Anna mengangguk. Ia tahu kamar mana yang dimaksudkan Karan. Kamar besar yang tidak berpenghuni itu. “Sudah Pak. Saya juga membersihkannya setiap hari sesuai perintah Bapak.”
“Bagus. Kau harus memperhatikan kamar itu dengan baik. Kalau ada perabotan yang kurang, kau bisa memintanya pada Ian. Dia akan memberikan sebanyak yang kau butuhkan untuk kamar itu.”
“Baik Pak. Tapi, apakah ada tamu yang akan memakai kamar itu, Pak?” tanya Anna sangat penasaran. Orang tua Karan saja tidak pernah diizinkan menempati kamar itu. Lantas, siapa orang penting yang akan memakainya?
Dengan suara dalamnya Karan berbicara lagi. “Bukan tamu, tapi istriku. Dia akan memakai kamar itu setelah kami menikah sebulan lagi.”
Kedua bola mata Anna terbelalak. Sejak kapan Karan mempunyai istri? Kemudian wanita paruh baya itu tersentak. Jangan-jangan yang dimaksud Karan adalah gadis yang fotonya terpajang besar di kamar Karan. Anna sempat salah mengira bahwa gadis itu adalah adik Karan karena fotonya yang masih muda. Tidak disangka gadis itu ternyata nyonya yang akan segera datang ke rumah ini.
“Baik Pak,” balas Anna lagi. “Apakah saya harus memindahkan barang Anda ke kamar itu?”
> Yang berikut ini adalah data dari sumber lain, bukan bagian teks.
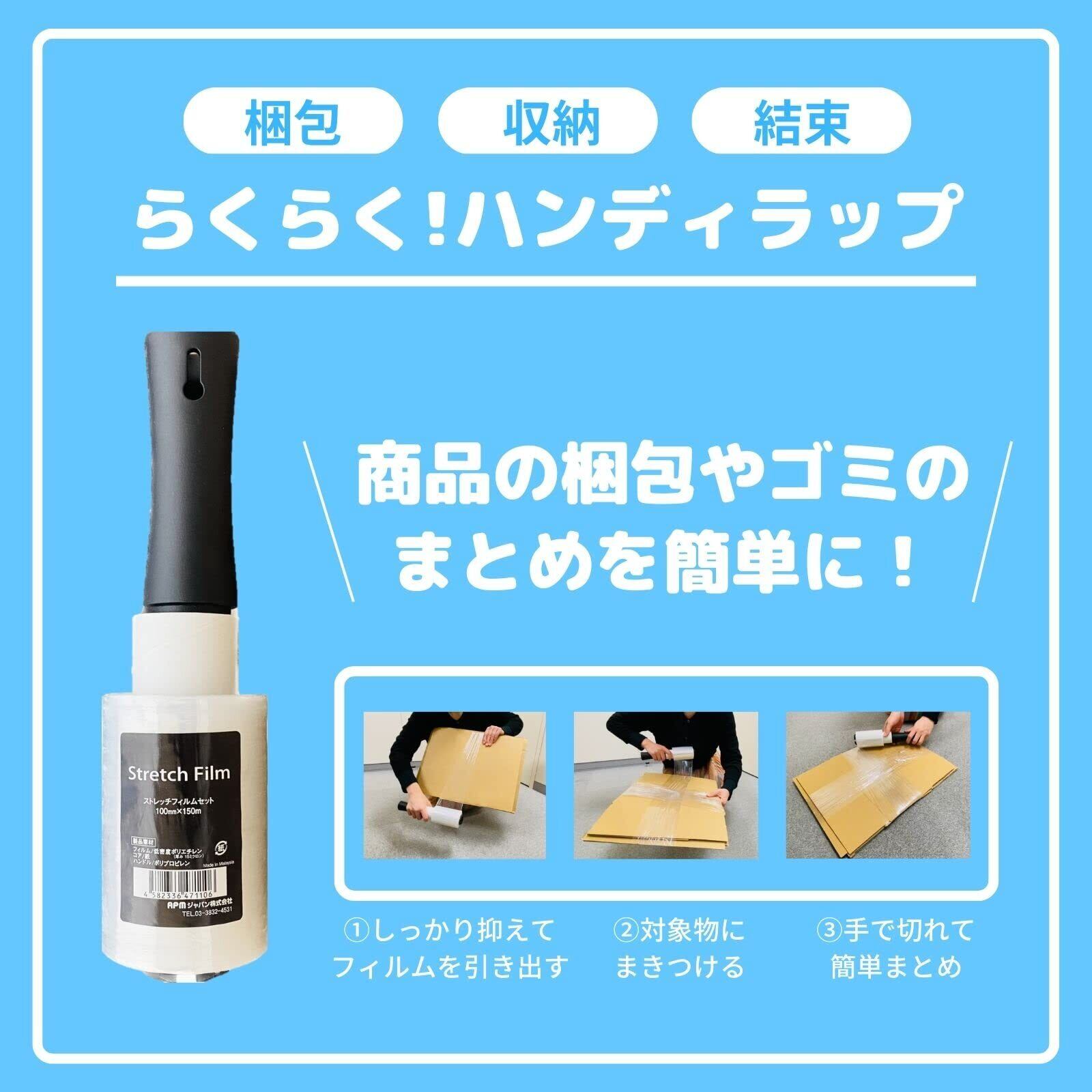 めんどうなまとめる作業を楽にするハンディラップです。業務用梱包ストレッチフィルムと同材質だから強度も抜群!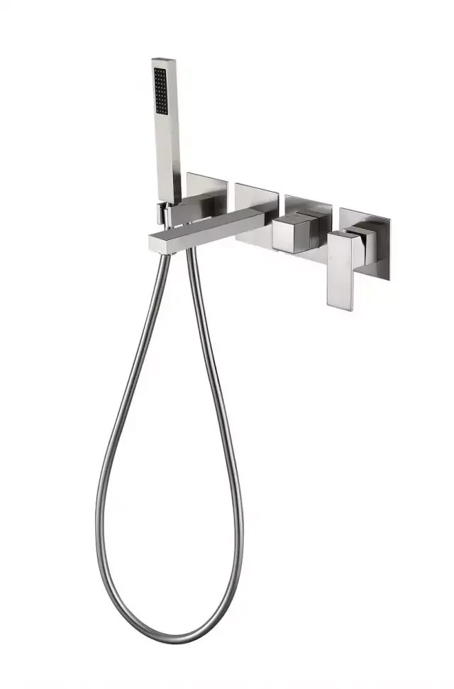 Смеситель для ванны Grocenberg GB5060NK с керамическим картриджем Kerox (Венгрия) и душевым гарнитуром, материал латунь, цвет никель.

Karan menggelengkan kepalanya. “Tidak perlu. Kami akan memakai kamar yang terpisah.”
Pria itu berdiri dari kursinya. Saat hendak meninggalkan ruang makan, ia berpesan lagi kepada sang asisten rumah tangga. “Istriku adalah Raya Drisana. Kau pasti pernah melihatnya di TV. Kau tahu ‘kan dia sangat suka kemewahan, jadi saat dia ada di sini, perlakukan dia dengan baik. Berikan barang apa saja yang diinginkannya. Dan kau tidak perlu izin menggunakan uang bulanan jika dia menginginkan makanan apa pun. Apa kau mengerti, Anna?”
Sekali lagi Anna mengangguk dan menjawab, “Iya Pak. Saya mengerti.”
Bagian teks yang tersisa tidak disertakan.